In 1978, the year after architect Richard Rogers’ Pompidou Centre opened in Paris, construction started on his first major London project, The Lloyd’s Building in Lime Street.
Built to house the London Insurance Market, this was the first “high tech” building in the UK and there is still nothing quite like it.
The building is “inside out”, with the service functions placed on the exterior. The pipework and air conditioning ducts wrapped around the outside, the glass lifts scooting up the outside walls, the corner staircases like corkscrew metal are all still a delight to behold. But the concept is not decorative per se: it allows for easy replacement and maintenance of the facilities, and it means the inside can be open and flexible, with uninterrupted activity on each level. Rogers has designed other buildings in London since Lloyd’s, but none provoke the same sense of looking at something otherworldly.

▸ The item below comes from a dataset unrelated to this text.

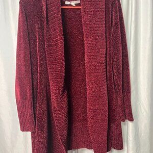 Seven7 Women’s Chenille Open Front Cardigan Sweater Burgundy Red M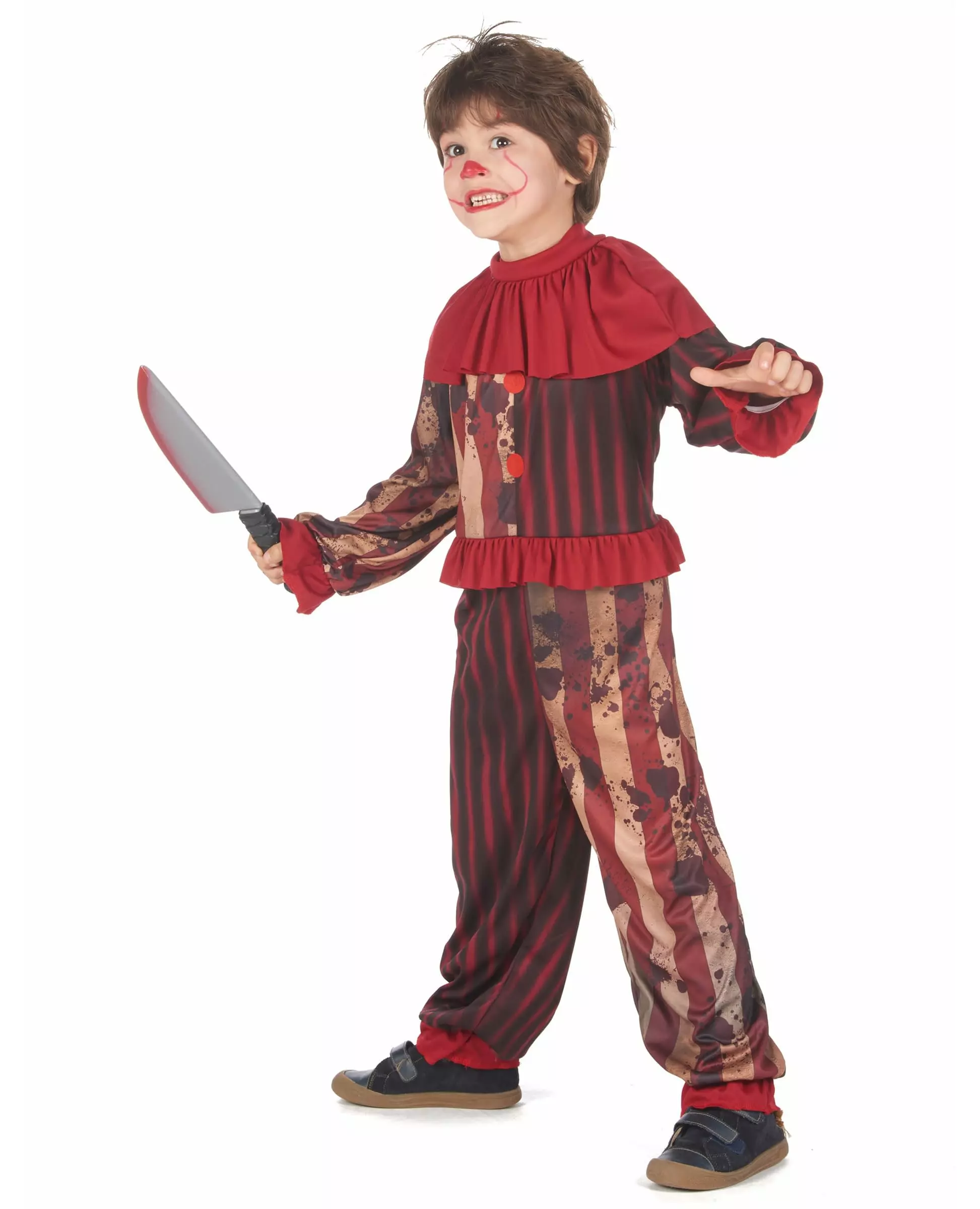 Dress up your son as a terrifying clown! This terrifying clown costume for boys includes the collar and jumpsuit (knife, ball and shoes not included). The jumpsuit is red with stripes. It looks bloody thanks to the several blood stains. It is decorated with different red frills at the waist as well as at the wrists and ankles. The sleeves are wide and tightened at the wrists. The collar is red and falls on the shoulders. Your boy will be the scariest with this terrifying clown costume at a Halloween party! Product number 303941 Availability M 7-9 years (120-130 cm) 303941, L 10-12 years (130-140 cm) 303939, Care and washing Hand wash Accessories included - Jumpsuit - Collar

The most satisfying way to approach it is from Gracechurch Street through Leadenhall Market. As you walk through Horace Jones’s magnificent victorian cast iron structure, the steel of Lloyd’s appears in front of you – a wonderful juxtaposition of the (relatively) old and the (relatively) new.
Just 25 years after it was completed, Lloyd’s was granted Grade I listing – the youngest building to receive this status.
Access is limited – tours are run, but mainly for groups – so its internal joys – the 60 metre atrium criss-crossed by escalators, the Adam Room (an 18th century room transplanted from the old Lloyd’s building to the new) – are off limits, so we have to make do with the view from the outside.
Rogers’ old friend and rival, Norman Foster, pays his respects to Lloyd’s in his Willis Building over the road, the glass curves of its front perfectly reflecting its older neighbour.